[GH-ISSUE #19423] issue: Embedding regression #57538

Closed
opened 2026-05-05 21:04:35 -05:00 by GiteaMirror · 1 comment
Owner

Originally created by @scheatkode on GitHub (Nov 24, 2025).
Original GitHub issue: https://github.com/open-webui/open-webui/issues/19423

Check Existing Issues

  • I have searched for any existing and/or related issues.
  • I have searched for any existing and/or related discussions.
  • I have also searched in the CLOSED issues AND CLOSED discussions and found no related items (your issue might already be addressed on the development branch!).
  • I am using the latest version of Open WebUI.

Installation Method

Docker

Open WebUI Version

v0.6.38

Ollama Version (if applicable)

N/A

Operating System

Arch Linux

Browser (if applicable)

Librewolf

Confirmation

  • I have read and followed all instructions in README.md.
  • I am using the latest version of both Open WebUI and Ollama.
  • I have included the browser console logs.
  • I have included the Docker container logs.
  • I have provided every relevant configuration, setting, and environment variable used in my setup.
  • I have clearly listed every relevant configuration, custom setting, environment variable, and command-line option that influences my setup (such as Docker Compose overrides, .env values, browser settings, authentication configurations, etc).
  • I have documented step-by-step reproduction instructions that are precise, sequential, and leave nothing to interpretation. My steps:
  • Start with the initial platform/version/OS and dependencies used,
  • Specify exact install/launch/configure commands,
  • List URLs visited, user input (incl. example values/emails/passwords if needed),
  • Describe all options and toggles enabled or changed,
  • Include any files or environmental changes,
  • Identify the expected and actual result at each stage,
  • Ensure any reasonably skilled user can follow and hit the same issue.

Expected Behavior

Embedding works.

Actual Behavior

Embedding doesn't work, we get a IndexError: list index out of range because the embedding process isn't handling 429 Too Many Requests gracefully with exponential backoff or otherwise; therefore the embeddings list doesn't hold enough items.

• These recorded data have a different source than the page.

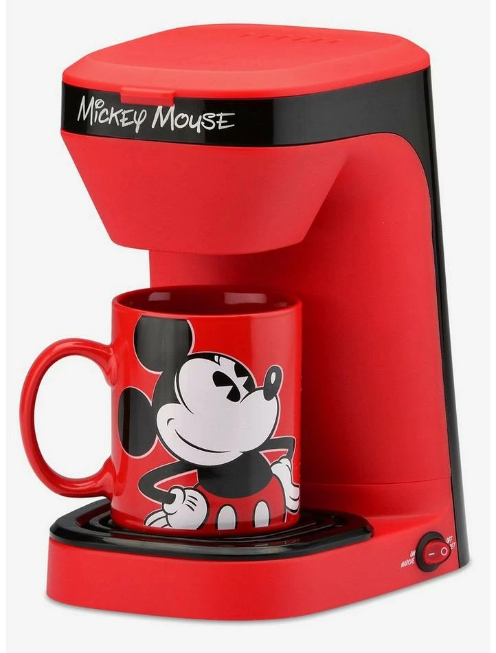 Make mornings exciting with this Mickey Mouse 1-Cup Coffee Maker. Use your favorite grounds to brew a single cup of coffee whenever you need it. This 1-cup drip coffee maker features a permanent, washable filter basket and a removable drip tray for simple cleanup. Includes a 12 ounce ceramic mug featuring Mickey Mouse.
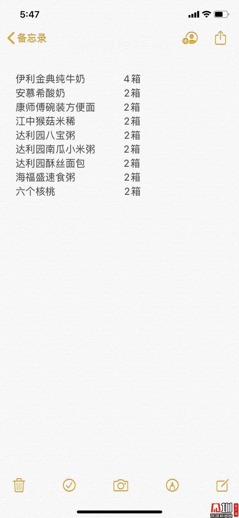 從與家人的密切交談中,他了解到防疫一線工作人員的辛苦,便主動聯(lián)系了在深圳疾控中心工作的桃源青青詩社創(chuàng)始人王老師。因?yàn)橘I不到口罩,在王老師的建議下,張赫奕決定捐贈食品給加班的工作人員補(bǔ)充營養(yǎng)。
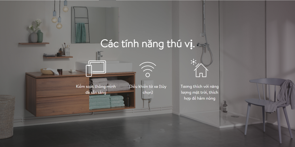 Bình nước nóng trực tiếp duy nhất trên thị trường lắp trong tủ bếp, dưới kệ bếp rất gọn, không nhỏ nước vanTrang bị chống giật RCD được chứng nhận bởi TUV Rheinland và CQC,
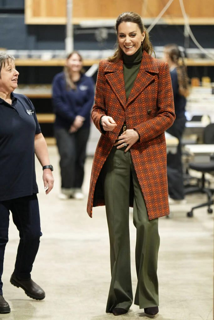 Η Kate Middleton ξεκίνησε την περιοδεία της από το ιστορικό εργοστάσιο μαλλιού Melin Tregwynt στο Pembrokeshire, το οποίο λειτουργεί συνεχώς από το 1841. Για την εμφάνισή της επέλεξε ένα κομψό παλτό εμπνευσμένο από τα χρώματα της ουαλικής σημαίας, τιμώντας με αυτόν τον τρόπο την τοπική πολιτιστική κληρονομιά. Το σύνολό της συμπληρώθηκε από χακί παντελόνι της χειμερινής συλλογής της Victoria Beckham και ένα κασμιρένιο πουλόβερ σε φυσικές, γήινες αποχρώσεις.
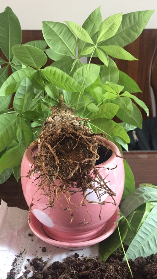 换盆的时候你就会发现,发财树它的根系是非常细小非常弱的,如果你把这么弱的根系,闷在一个大的花盆里,用很多的土壤还不太透气,这样肯定是把发财树置于死地了,咱们养发财树,就用原来小的花盆营养土就可以,不用换盆,这样后期的养护不会出现什么问题。
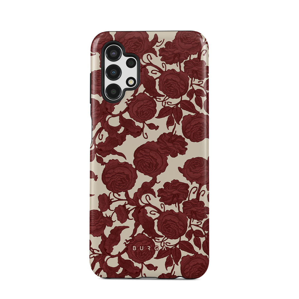 En este diseño: rosas rojo oscuro, patrón floral intrincado y estampado vintage.

This is likely a regression from #19296.

Steps to Reproduce

Using llama-swap:

  Qwen/Qwen3-Embedding-0.6B:
    description: Small, fast, accurate embedding model
    macros:
      default_ctx: 20480 # 20k
    ttl: 120
    cmd: |
      llama.cpp/llama-server
      --swa-full
      --ctx-size ${default_ctx}
      --flash-attn on
      --device Vulkan1
      --batch-size 512
      --ubatch-size 2048
      --parallel 10
      --hf-repo Qwen/Qwen3-Embedding-0.6B-GGUF
      --hf-file Qwen3-Embedding-0.6B-f16.gguf
      --model ./models/Qwen3-Embedding-0.6B.gguf
      --jinja
      --embedding
      --port ${PORT}

Configure Open-WebUI accordingly and run a web search.

Logs & Screenshots

chat-1               | 2025-11-24 13:32:49.020 | ERROR    | open_webui.retrieval.utils:agenerate_openai_batch_embeddings:608 - Error generating openai batch embeddings: 429, message='Too Many Requests', url='http://host.docker.internal:3089/v1/embeddings'
chat-1               | Traceback (most recent call last):
chat-1               |
chat-1               |   File "/usr/local/lib/python3.11/threading.py", line 1002, in _bootstrap
chat-1               |     self._bootstrap_inner()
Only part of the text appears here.